Data to process Start Marker

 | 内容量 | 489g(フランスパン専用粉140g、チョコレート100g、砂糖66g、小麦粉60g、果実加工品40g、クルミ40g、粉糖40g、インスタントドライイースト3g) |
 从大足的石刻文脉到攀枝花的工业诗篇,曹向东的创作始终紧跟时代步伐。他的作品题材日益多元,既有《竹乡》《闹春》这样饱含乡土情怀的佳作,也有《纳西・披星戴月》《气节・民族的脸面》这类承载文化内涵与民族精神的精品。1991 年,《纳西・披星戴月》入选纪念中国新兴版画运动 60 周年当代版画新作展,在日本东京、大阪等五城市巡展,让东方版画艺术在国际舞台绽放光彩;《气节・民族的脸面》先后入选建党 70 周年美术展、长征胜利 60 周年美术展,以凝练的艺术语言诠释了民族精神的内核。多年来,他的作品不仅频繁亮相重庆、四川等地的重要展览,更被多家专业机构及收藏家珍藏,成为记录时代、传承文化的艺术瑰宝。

Data to process End Marker
Data to process Start Marker

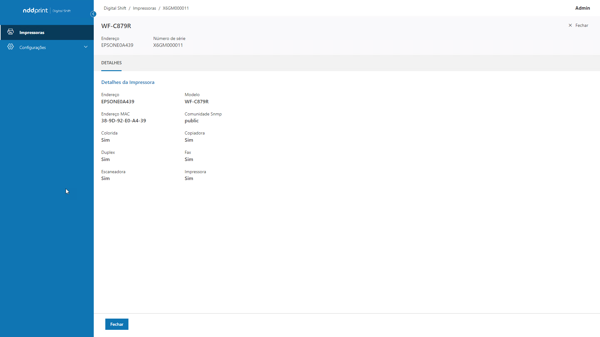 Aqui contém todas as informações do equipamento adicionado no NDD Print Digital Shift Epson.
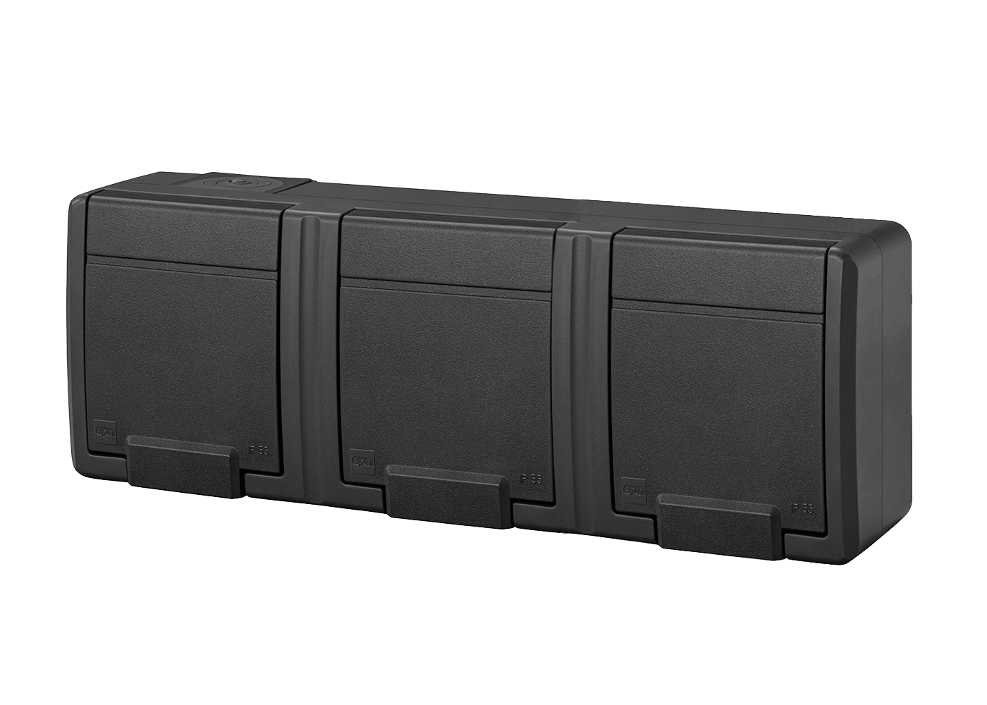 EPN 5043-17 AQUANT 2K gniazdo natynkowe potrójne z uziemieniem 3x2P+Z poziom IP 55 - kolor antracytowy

Data to process End Marker
Data to process Start Marker

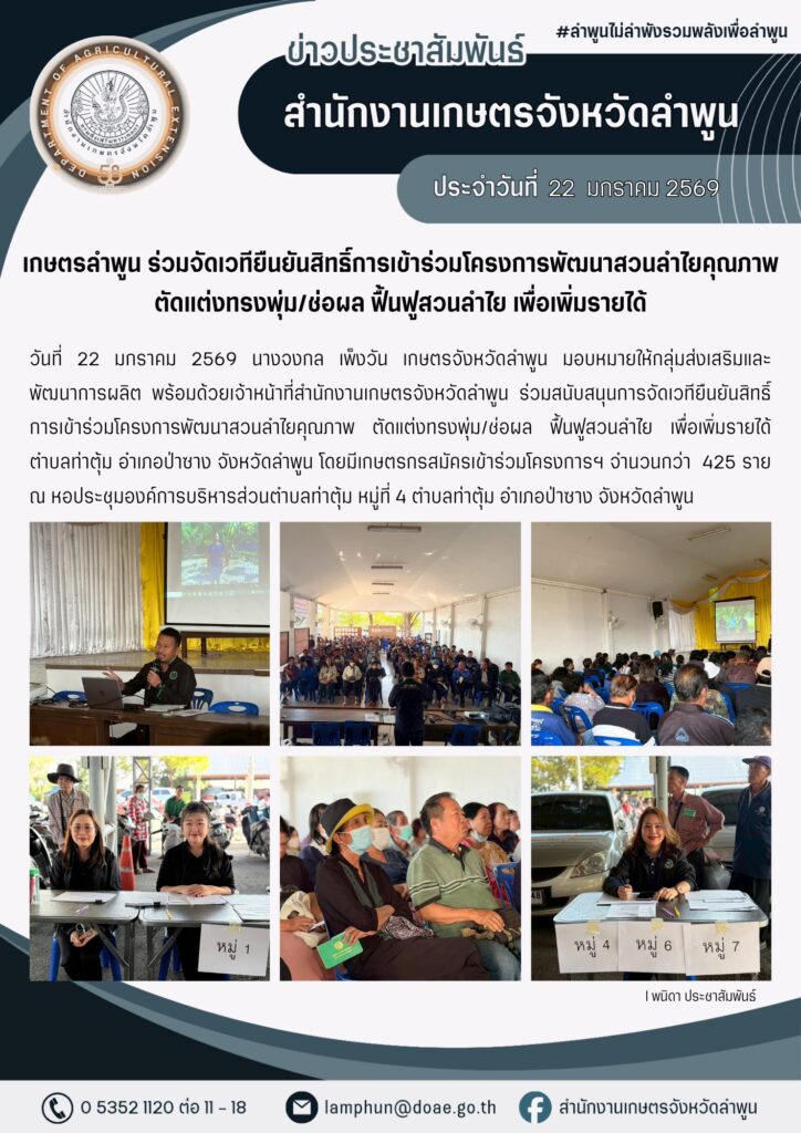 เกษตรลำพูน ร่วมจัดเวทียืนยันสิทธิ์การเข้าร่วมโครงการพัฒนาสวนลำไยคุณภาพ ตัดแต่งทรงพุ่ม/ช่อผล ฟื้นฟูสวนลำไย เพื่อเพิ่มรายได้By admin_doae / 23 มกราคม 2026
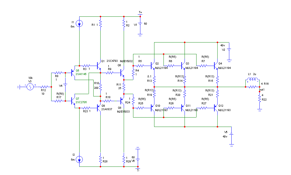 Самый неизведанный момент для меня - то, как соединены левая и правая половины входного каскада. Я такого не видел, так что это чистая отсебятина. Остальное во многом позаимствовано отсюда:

Data to process End Marker

In the data above, find the line containing "Aqui contém todas" and the line containing "EPN 5043-17 AQUANT". Copy exactly the stretch from the first through the second, both included, leaving out any picture.

 Aqui contém todas as informações do equipamento adicionado no NDD Print Digital Shift Epson.
 EPN 5043-17 AQUANT 2K gniazdo natynkowe potrójne z uziemieniem 3x2P+Z poziom IP 55 - kolor antracytowy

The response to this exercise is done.